1. the analysis of the problem
Now we get some information from the question:
A array named nums,it includeds some intergers;
An integer named target;
What should we do:we need add two numbers from the nums to make it euqates target then return the indices(or indexs)of the two numbers;
example:Input: nums = [2,7,11,15], target = 9
Output: [0,1]
when the array nums=[2,7,11,15],we found that only 2+7=9,so we need return the indices of "2" and "7",which is 0 and 1,so the output is [0,1]
Precondition:only one solution in the array given to us,so it won't happen the situation like nums=[1,2,3,4],target=5,because the answer can be 1+4 or 2+3,so it won't happen.and we also can not use the same number for twice,
like in the example:
Input: nums = [3,3], target = 6
Output: [0,1]
we can not use the first "3" twice so we can not get the answer[0,0]

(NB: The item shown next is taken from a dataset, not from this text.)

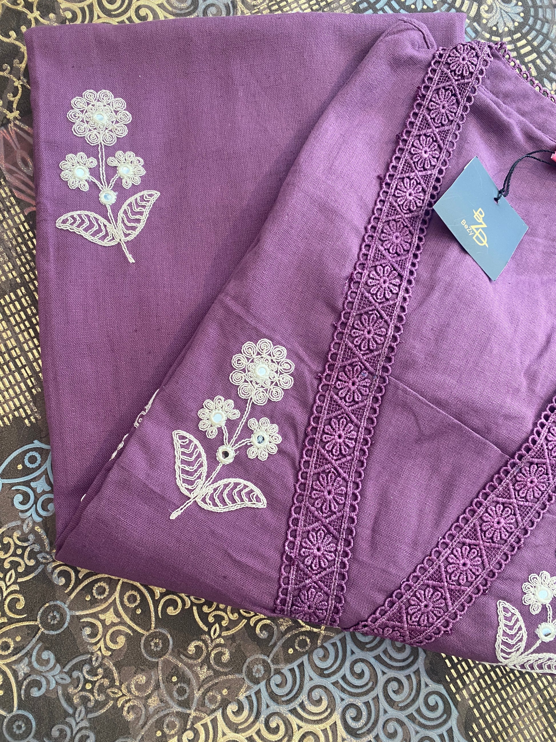 Imported Flex Cotton Top & Bottom Set – Elegant Embroidered Design
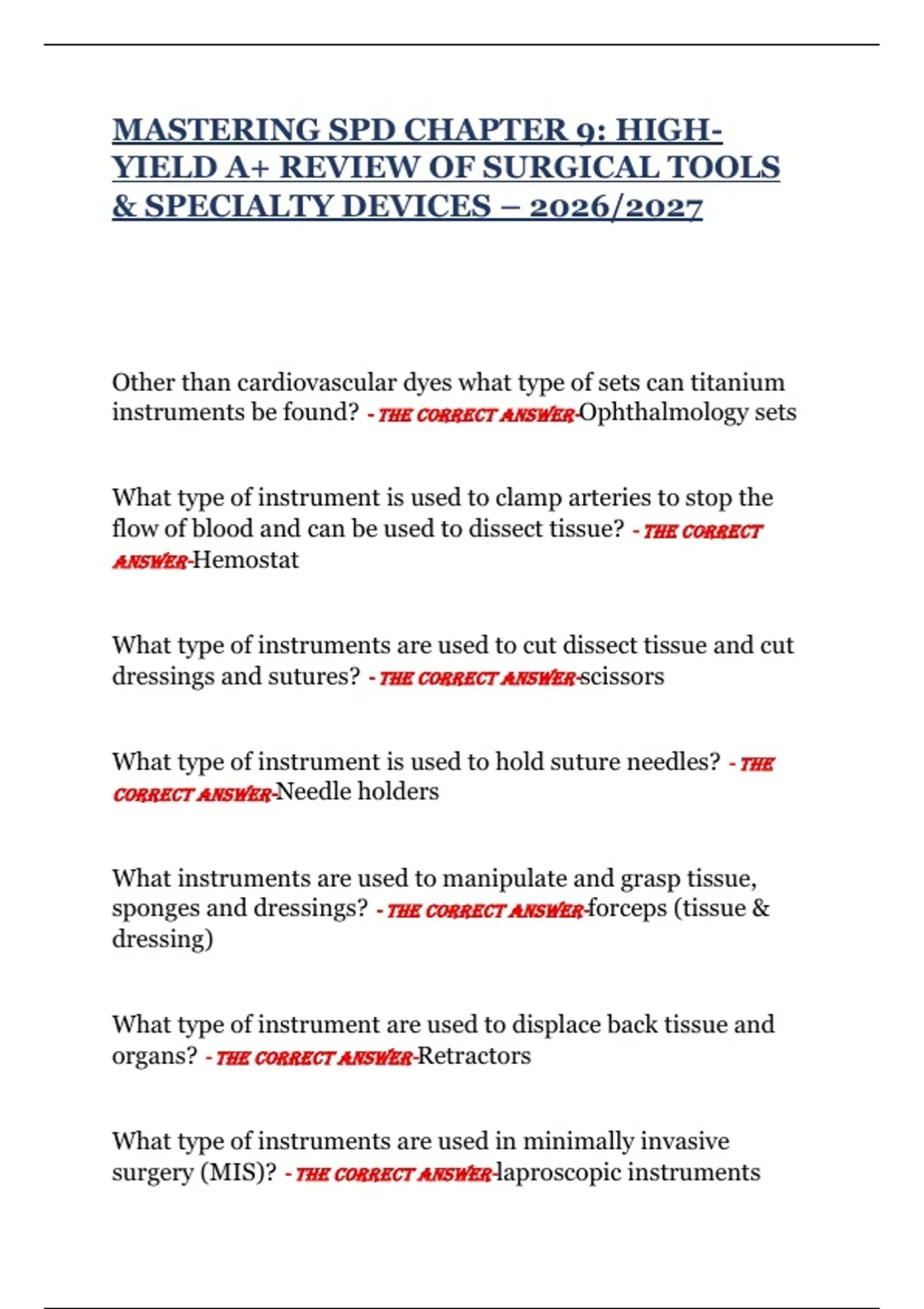 ACE SPD CHAPTER 9: A+ GUIDE TO SURGICAL INSTRUMENTS & SPECIALTY EQUIPMENT – 2026/2027

2.the method to find the two number
I guess most of us will consider about calculating all possibilities
so let us use the example of nums = [2,7,11,15], target = 9, at first we need add 2+7,then 2+11,2+15,7+11,7+15,11+15,and check the sum whether equate the target 9,once we find the equal relationship we can end the calculation cause there is only one solution exactly,
so how we can do this by codes?
we can start with the nums[0]
0 is the indice of the array,and it start from 0 in any array,it symbols the number in the position of "0+1",in the array nums it is 2
and then we add the nums[0] with nums[1],it represent 2+7,
then add the nums[0] with nums[2],it represent 2+11,then nums[0]+nums[3] ,nums[1]+nums[2],nums[1]+nums[3] ,nums[2]+nums[3]
so we can find the rules:
1.fisrt number start from nums[0] to nums[length -2].(we define the lenghth is the quantity of the numbers in the array)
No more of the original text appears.